Этим летом мне было четырнадцать. Я прекрасно понимал, что времена сказок прошли и не вернутся. Я слишком много успел узнать, чтоб дать себя втянуть в их расписной хоровод. Как ни странно, вместо того чтобы радоваться этому несомненному признаку взрослости, я в тот вечер с большим сожалением вспоминал свою былую наивную доверчивость. Ибо новые познания, вопреки всем ожиданиям, казалось, только затемнили мою французскую пинакотеку. Едва я пытался вернуться в Атлантиду нашего детства, вмешивался некий назидательный голос: передо мной вставали книжные страницы, даты жирным шрифтом. А голос принимался комментировать, сопоставлять, приводить цитаты. Было ощущение какой-то странной потери зрения…
Тут в нашей беседе произошел сбой. Я слушал так невнимательно, что последние слова Шарлотты – судя по всему, вопрос – пропустил мимо ушей. Смутившись, я пытался найти подсказку в ее лице, обращенном ко мне. В ушах у меня еще звучала мелодия только что произнесенной фразы. Ее интонация и помогла мне восстановить смысл.

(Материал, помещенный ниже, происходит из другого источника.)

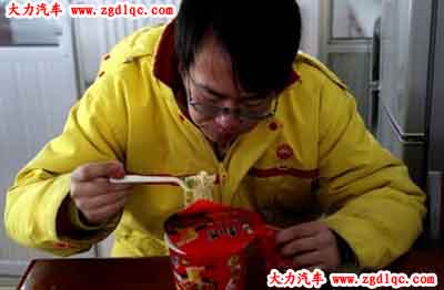 剛下夜班的加油員王瑋匆匆吃碗泡面后繼續(xù)上班

Да, это была та самая интонация, с какой рассказчик говорит: «Нет, это вы уже, конечно, слыхали. Не стоит рассказывать, вам будет скучно…» – а втайне надеется, что слушатели станут его упрашивать, уверяя, что не знают этой истории или забыли ее… Я нерешительно покачал головой:
– Нет, что-то не помню… А ты уверена, что я уже это слышал?
Я увидел, как лицо бабушки осветилось улыбкой. Она стала рассказывать дальше. Теперь я слушал внимательно. И в энный раз передо мной возникли узкая улочка средневекового Парижа, холодная осенняя ночь и на стене – темный мемориальный щит, соединивший навсегда три судьбы и три имени былых времен: Людовик Орлеанский, Иоанн Неустрашимый, Изабелла Баварская…
Не знаю, почему я ее тут перебил. Конечно, я хотел блеснуть своей эрудицией. Но, главное, меня внезапно ослепило прозрение: на балконе, повисшем над бескрайней степью, старая дама в который раз повторяет знакомую наизусть историю, повторяет с механической точностью грампластинки, храня верность этой в общем-то легенде о стране, существующей только в ее памяти… Наш тет-а-тет в вечерней тиши показался мне вдруг лишенным всякого смысла, голос Шарлотты вызывал ассоциации с говорящим автоматом. Я перехватил на лету имя, которое она упомянула, и заговорил сам. Иоанн Неустрашимый и его позорный сговор с англичанами. Париж, где мясники-«революционеры» вершили суд и расправу, зверски убивая подлинных или предполагаемых противников Бургундии. И сумасшедший король. И виселицы на парижских площадях. И волки, рыщущие в предместьях города, опустошенного гражданской войной. И неслыханное предательство Изабеллы Баварской: она присоединилась к Иоанну Неустрашимому и отреклась от дофина, объявив, что он не сын короля. Да, та самая прекрасная Изабо нашего детства…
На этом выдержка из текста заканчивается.